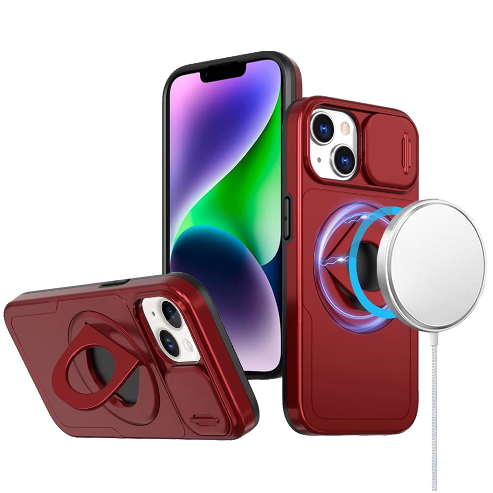 For iPhone 14/13 Trendy Full Coverage with Camera Window [Magnetic Circle] with Rotational Ring Stand Hybrid Case - Red
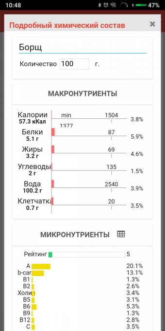| Пищевые волокна | 0.7 г | 3.5% | |
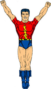 CAPTAIN FUTURE can fly, hurl energy bolts, and toss around automobiles.
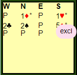 Exclusion er normalt når man hopper til fem-trinnet i en farge man er renons i for å spørre om antall Key-Cards UTENOM renonsfargen. Syd mente 5 ruter som Exclusion med spar som trumf, nord var av en annen oppfatning og trodde det var stoppmelding.
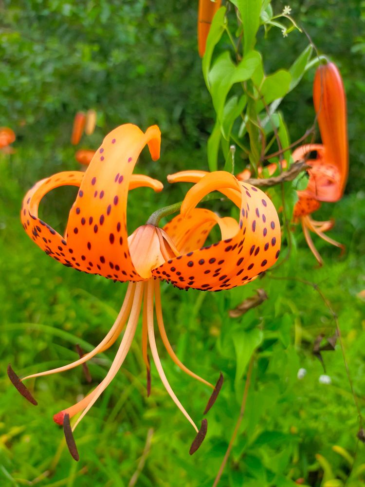 オニユリ オレンジに黒地の斑点が迫力、シベも心なしか攻撃的な色合い 蕾も鮮やかなオレンジ(2枚目)
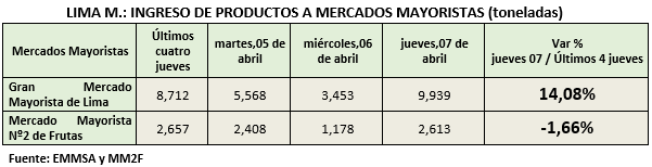 Mientras, en el Mercado Mayorista de Frutas No.2 (MMF) de La Victoria se tuvo un ingreso de 2.613 toneladas de frutas, cantidad levemente inferior en 2% respecto al promedio de los 4 últimos jueves. Se pudo registrar una ligera disminución en el ingreso de vehículos.
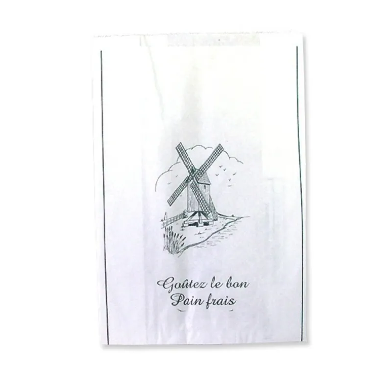 Sac A Pain Rond Kraft Blanchi (X1000) Sacs A Pain Rond En Papier Kraft Blanchi Avec Soufflets, Impression Verte « Goutez Le Bon Pain Frais », Vendus Par Lot De 1000 Pièces De Taille Identique. Le Sac A Pain Kraft Blanchi Mesure
+ + +
__Requirement__: Reprint the data verbatim, pictures excluded.

__Expected answer__:
 For iPhone 14/13 Trendy Full Coverage with Camera Window [Magnetic Circle] with Rotational Ring Stand Hybrid Case - Red
| Пищевые волокна | 0.7 г | 3.5% | |
 CAPTAIN FUTURE can fly, hurl energy bolts, and toss around automobiles.
 Exclusion er normalt når man hopper til fem-trinnet i en farge man er renons i for å spørre om antall Key-Cards UTENOM renonsfargen. Syd mente 5 ruter som Exclusion med spar som trumf, nord var av en annen oppfatning og trodde det var stoppmelding.
 オニユリ オレンジに黒地の斑点が迫力、シベも心なしか攻撃的な色合い 蕾も鮮やかなオレンジ(2枚目)
 Mientras, en el Mercado Mayorista de Frutas No.2 (MMF) de La Victoria se tuvo un ingreso de 2.613 toneladas de frutas, cantidad levemente inferior en 2% respecto al promedio de los 4 últimos jueves. Se pudo registrar una ligera disminución en el ingreso de vehículos.
 Sac A Pain Rond Kraft Blanchi (X1000) Sacs A Pain Rond En Papier Kraft Blanchi Avec Soufflets, Impression Verte « Goutez Le Bon Pain Frais », Vendus Par Lot De 1000 Pièces De Taille Identique. Le Sac A Pain Kraft Blanchi Mesure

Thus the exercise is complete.